The Paradox of ‘Cool’

May 2, 2015

T167228~Steve-McQueen-PostersIn the light of Baltimore and America’s racial tensions right now, the source of ‘cool‘ really not so cool — from Philosophy Now: ‘The aesthetics of cool developed mainly as a behavioral attitude practiced by black men in the United States at the time of slavery. Slavery made necessary the cultivation of special defense mechanisms which employed emotional detachment and irony…Provocation had to remain relatively inoffensive, and any level of serious intent had to be disguised or suppressed. So cool represents a paradoxical fusion of submission and subversion.

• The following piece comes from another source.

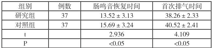 2.2 两组胃肠道功能恢复时间比较
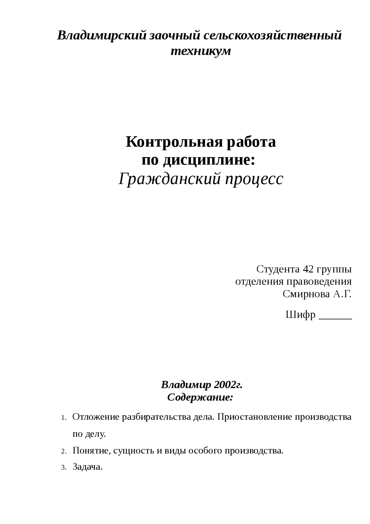 Контрольная работа гражданский процесс

It’s a classic case of resistance to authority through creativity and innovation.’

(Illustration: Steve McQueen, the not-so-original ‘King of Cool,’ found here).

Odd how shit can develop, but yet ‘cool‘ has always seemed to carry an undercurrent presence of a knowing, a near-vaporous essence of calm — if your life absolutely hangs in the balance, be cool.

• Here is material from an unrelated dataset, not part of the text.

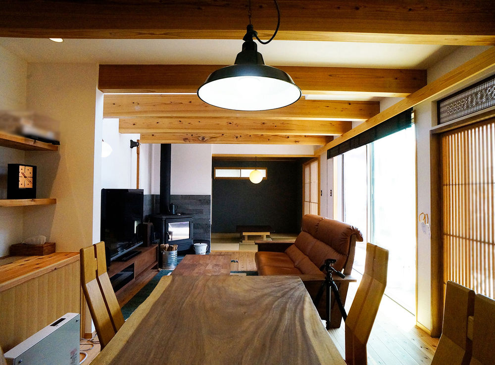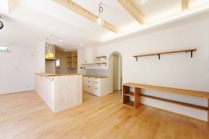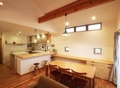 社内デザイナーが一貫担当となり、施主のデザインの理想を最大限形にするハナハウス。そんな同社の家づくりはフラット35Sの基準をクリアした耐震性・耐久性に優れた省エネ住宅だ。冷暖房効率を上げる住宅性能はもちろんのこと、使う素材も厳選。素足でも気持ちいい十津川村の無垢材の床や、自然素材純度の高い漆喰の壁で、心地よい空気の家を提供する。広々リビングや吹抜けでも冬はほんわり温か、夏はさらりと快適な暮らしだ。

Paul Oswell at the Guardian today examined the ‘cool’ phenomenon in an interview with Steve Quartz, director of the Social Cognitive Neuroscience Laboratory at the California Institute of Technology, and co-author of, “Cool: How the Brain’s Hidden Quest for Cool Drives Our Economy and Shapes Our World,” and apparently an all-white ‘cool’ — now a social-cultural mechanism:

Defining cool turns out to be tricky even for someone who has just written an entire book examining the neurological processes behind it.
Quartz’s most succinct definition was that cool is “the sweet spot between being innovative and unconventional, but not weird”.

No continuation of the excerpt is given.